**INSTRUCTIONS TO FOLLOW**
Please transcribe the data below in full, word for word, without the images.

**GIVEN MATERIAL**
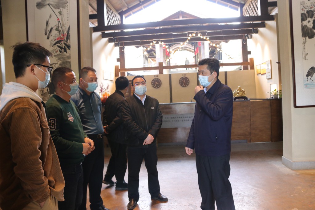 在耕食记门口,罗鹏程查看了人员登记台账及场所码、行程码查验等内容,询问了环境消杀、简办酒席等疫情防控举措落实情况。罗鹏程表示,餐饮民宿单位切不可掉以轻心,要深刻认识当前疫情防控形势,对外来游玩人员,严格管控查实,守住食品安全和疫情防控的强大防线。
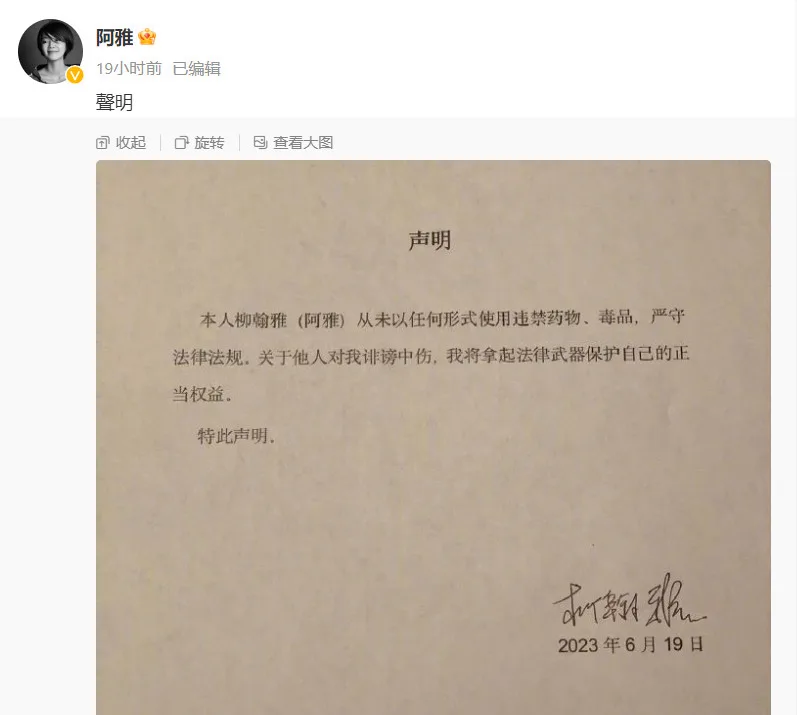 “I, 柳翰雅 (Aya), have never used illegal drugs or drugs in any form, and strictly abide by laws and regulations. Regarding other people’s slander against me, I will take up legal action to protect my legitimate rights and interests.
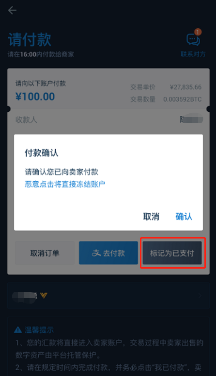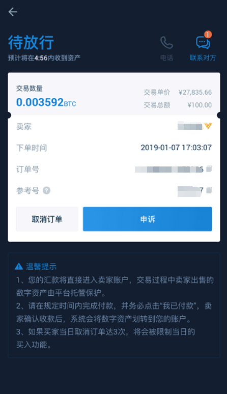 第四步:卖家放币,完成买卖。
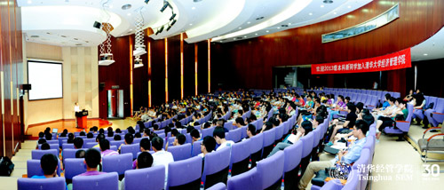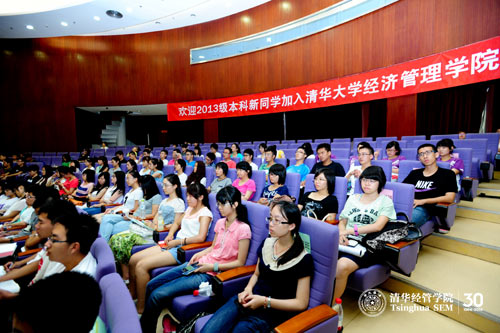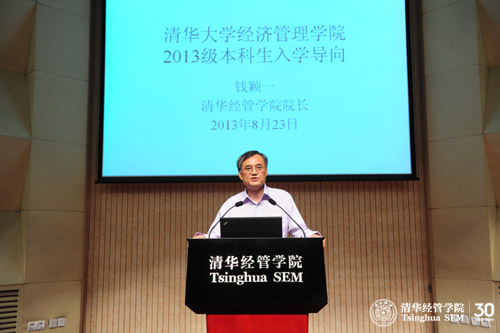 在讲话的最后,钱院长向同学们推荐了“两个书单”——“暑期书单”和《大学第一课》读本。“暑期书单”源自一位2012年级学生的建议,今年首次由钱院长和钟笑寒教授精心挑选后确定,是与威尼斯432888cam录取通知书一起在一个月前寄发给所有2013级经管学院本科新生的十本推荐暑期读物。《大学第一课》是经管学院自去年开始为新生提供的入学导向阅读材料,内容涵盖清华名师谈治学、思考大学的作用、大学与人生(毕业演讲)等,旨在启发本科新生对“我的大学”、“我的未来”有更多思考和规划,也是对学院本科教育改革的进一步落实与深化。钱院长引用爱因斯坦的话“促进个性发展很重要,因为只有个人才能产生新的想法”("It is important to foster individuality, for only the individual can produce new ideas")、乔布斯的话“求知若饥,虚心若愚”("stay hungry, stay foolish")作为结尾,鼓励新一级的清华经管本科生自由成长,创造未来。

**SOLUTION TO THIS TASK**
 在耕食记门口,罗鹏程查看了人员登记台账及场所码、行程码查验等内容,询问了环境消杀、简办酒席等疫情防控举措落实情况。罗鹏程表示,餐饮民宿单位切不可掉以轻心,要深刻认识当前疫情防控形势,对外来游玩人员,严格管控查实,守住食品安全和疫情防控的强大防线。
 “I, 柳翰雅 (Aya), have never used illegal drugs or drugs in any form, and strictly abide by laws and regulations. Regarding other people’s slander against me, I will take up legal action to protect my legitimate rights and interests.
 第四步:卖家放币,完成买卖。
 在讲话的最后,钱院长向同学们推荐了“两个书单”——“暑期书单”和《大学第一课》读本。“暑期书单”源自一位2012年级学生的建议,今年首次由钱院长和钟笑寒教授精心挑选后确定,是与威尼斯432888cam录取通知书一起在一个月前寄发给所有2013级经管学院本科新生的十本推荐暑期读物。《大学第一课》是经管学院自去年开始为新生提供的入学导向阅读材料,内容涵盖清华名师谈治学、思考大学的作用、大学与人生(毕业演讲)等,旨在启发本科新生对“我的大学”、“我的未来”有更多思考和规划,也是对学院本科教育改革的进一步落实与深化。钱院长引用爱因斯坦的话“促进个性发展很重要,因为只有个人才能产生新的想法”("It is important to foster individuality, for only the individual can produce new ideas")、乔布斯的话“求知若饥,虚心若愚”("stay hungry, stay foolish")作为结尾,鼓励新一级的清华经管本科生自由成长,创造未来。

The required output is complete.